WHEREAS, the Company and KeyBank entered into a Rights Agreement, dated
as of January 12, 1996 (the "Rights Agreement"), under which KeyBank was
appointed to serve as the Rights Agent;
WHEREAS, KeyBank desires to be relieved of its duties as Rights Agent
under the Rights Agreement effective as of the close of business on May 27,
1997; and
WHEREAS, the Company desires to appoint First Chicago as successor
Rights Agent under the Rights Agreement effective as of the close of business on
May 27, 1997, and, in that connection, the Company, First Chicago and KeyBank
desire to amend the Rights Agreement in certain respects.

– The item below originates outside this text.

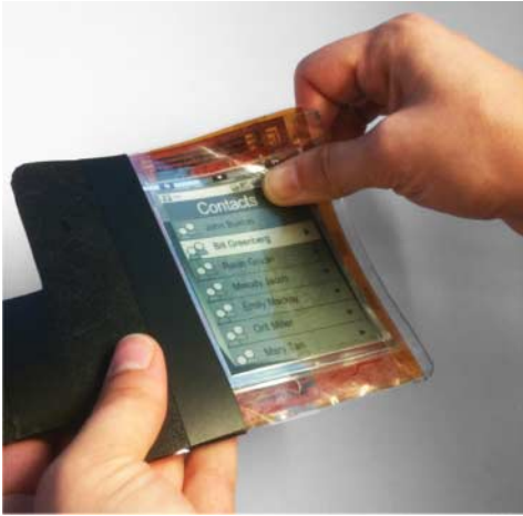
Figure 3. PaperPhone is an interactive flexible paper computer that uses bending as a way of navigating.

on a fully functioning prototype (one that required a significant investment in both time and materials to construct). To support designers better, we must update our design tools to answer the challenge of seamlessly prototyping interactive organic systems. PaperPhone 's flexible backplane, on which its bend sensors were soldered, required custom-etched circuitry that took, at a minimum, 2–3 days to construct. In early iterations, the thickness of the copper sheet and layout of the circuit patterned negatively affected the ergonomic of a user's hand position, requiring lengthy iterations. Unifying the challenges of industrial and interface design this way, in the form of an flexible circuit backplane, typifies the basic challenge of working with early organic design: shape adds a layer of complexity to exploring interaction design, one that makes designing for and sensing interactions on even simple interfaces, like PaperPhone 's bending interaction, incredibly difficult. Similar arguments can be made for Gummi , Illuminating Clay or any other fully functioning organic hardware device.

NOW, THEREFORE, in consideration of the premises and the mutual
agreements herein set forth, the parties hereby agree as follows:
Section 1. RESIGNATION OF RIGHTS AGENT. KeyBank hereby resigns as
Rights Agent under the Rights Agreement, effective as of the close of business
on May 27, 1997, and the Company accepts such resignation.
Section 2. APPOINTMENT OF SUCCESSOR RIGHTS AGENT. The Company hereby
appoints First Chicago as successor Rights Agent under the Rights Agreement,
effective as of the close of business on May 27, 1997, and First Chicago hereby
accepts such appointment.
Section 3. AMENDMENT OF RIGHTS AGREEMENT. Effective as of the
appointment of First Chicago as successor Rights Agent, the Rights Agreement
shall be and hereby is amended as follows:
(a) Section 3(c) of the Rights Agreement hereby is amended by
deleting the first sentence of the legend to be placed on certificates as set
forth therein, and replacing it in its entirety with the following:"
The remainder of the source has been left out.